Vords of Interest - qopal

There is an avalanche of statistical and computational studies of the Voynich text, a truly withering array of studies, linguistic and cryptological, and otherwise: I am not inclined to try to contribute further to the morass. My task is to try to assess and make judgements about what it all means. As I see it, there are too many crime lab technicians and not enough detectives working on this case.

But that doesn't relieve me of the duty to get to know the text first hand with some intimacy. My method is just to jump in and explore, vord by vord. I assume that vords are discrete entities of some significance. Whether they are words in a language, encryptions, formulae, or what, is another matter.

I am especially interested in the distribution of vords by topic, their relationship to the illustrations, and in relation to the overall structure and composition of the work. I see the work as an ensemble of material, and chiefly two corpora, two bodies of material, these being united by the section of cosmological circles in the middle of the codex. This is explained in previous posts.

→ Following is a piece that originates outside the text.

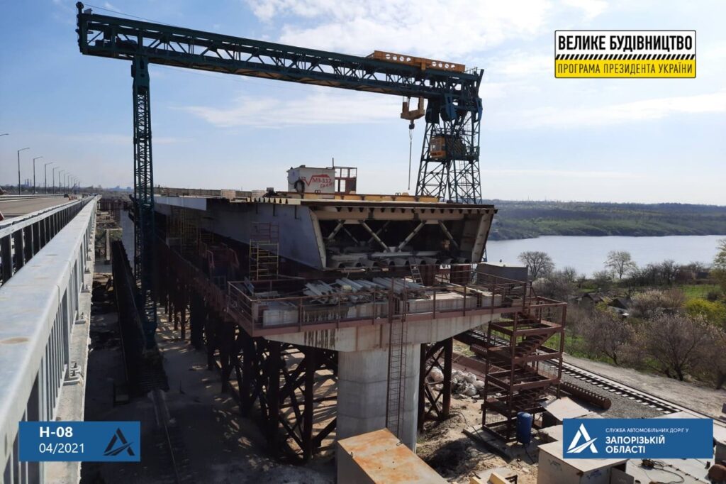 На балочном мосту в Запорожье стартовал очередной этап надвижки металлоконструкций через реку Старый Днепр.

In any case, certain vords of interest emerge in the course of such musings. In the first instance, these are just curiosities. Here is one:



Qopal is of interest for only one reason: it occurs twice in the manuscript, once at the very beginning and once at the very end.



We find it on page 3r and we find it on page 112r. They are the only appearances. A few pages from the start, and again a few pages from the end. It is a curious symmetry. Make of it what you will.

The family of vords to which it belongs - its permutations - are native to the Nymph/Star corpus of material (corresponding to dialect B.) Qokal and qotal appear mostly clustered in the nymph and star texts. Qofal does not appear at all. It is the same pattern if we remove the q- and look at other permitted permutations. Yet this permutation - qopal - stands like bookends at either end of the manuscript. Page 3r is classified as dialect A and page 112r as dialect B. So we can say: qopal is a vord in a dialect B family which, on page 3r, appears shared in the dialect A lexicon.

While the manuscript has been shuffled somewhat during its history, the start and finish appear to be intact and the early and last pages in order. This qopal configuration is thus likely to have been there in the original work. (Unless, of course, it made further appearances on pages now lost.) 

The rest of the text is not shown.